Lenovo has revealed its first-quarter earnings, showing a 23-percent increase in net profit that trumps what analysts had anticipated. Among the numbers, however, was one particular tidbit of information that further solidifies perspectives on the industry as a whole: Lenovo saw greater profits from its mobile devices rather than PCs.
The PC industry has seen lagging sales for awhile now, something spurred on by the increasing proliferation of mobile devices and their ability to perform many of the functions the average user does on a laptop. As such, Lenovo has increased its mobile push – both in terms of smartphones and tablets- particularly in China.
The total number of sales between its smartphones and tablets resulted in higher revenues than from its PC division. In particular, the company has seen its mobile revenues soar as its sales rise in China, currently the largest smartphone market in the world, take off.

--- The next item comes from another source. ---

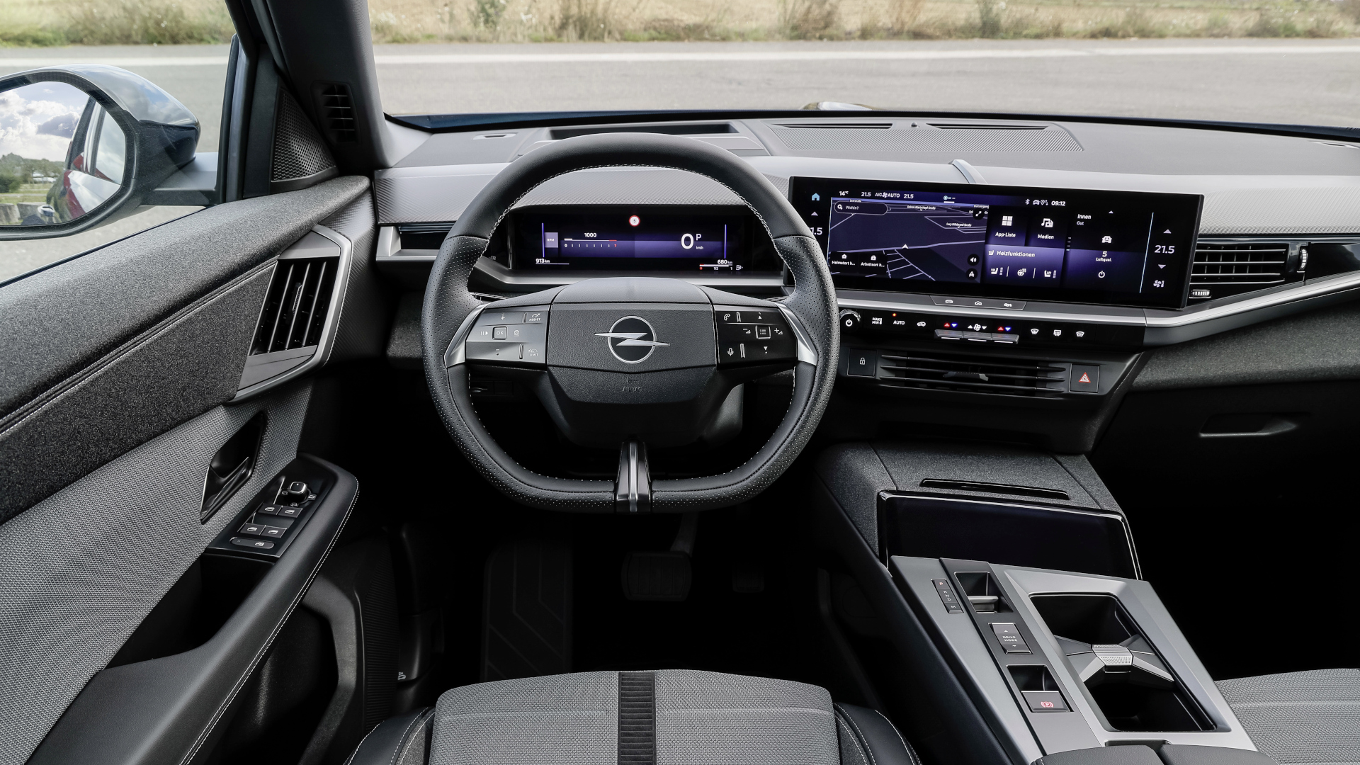 Blickfang des Cockpits im Opel Grandland Hybrid sind die beiden neuen Displays. Der Rüsselsheimer Hersteller verzichtet auf eine durchgehende Leiste, um keine zu große Reizüberflutung zu bieten, heißt es aus dem Konzern. Seltsamerweise gibt es die aber in Modellen wie dem Astra.

This could increase further in the coming months as Lenovo expands handset sales into the US and other markets.
As far as the actual earnings go, Lenovo made $174 million USD in the first quarter, a number that tops the estimated $166 million in earnings that were expected. During this quarter, the company also saw its market share increase to 4.7-percent, jumping a rung ahead of previously-dominant ZTE Corporation, according to numbers by research firm IDC.
Overall, Lenovo saw its quarterly revenues rise to $8.8 billion, a 9.7-percent increase. The gross profit margin, meanwhile, increased a slight 0.5-percent year-on-year. It is expected the company’s margins will increase as revenue from its Mobile Internet and Digital home division hits 25-percent by March 2015.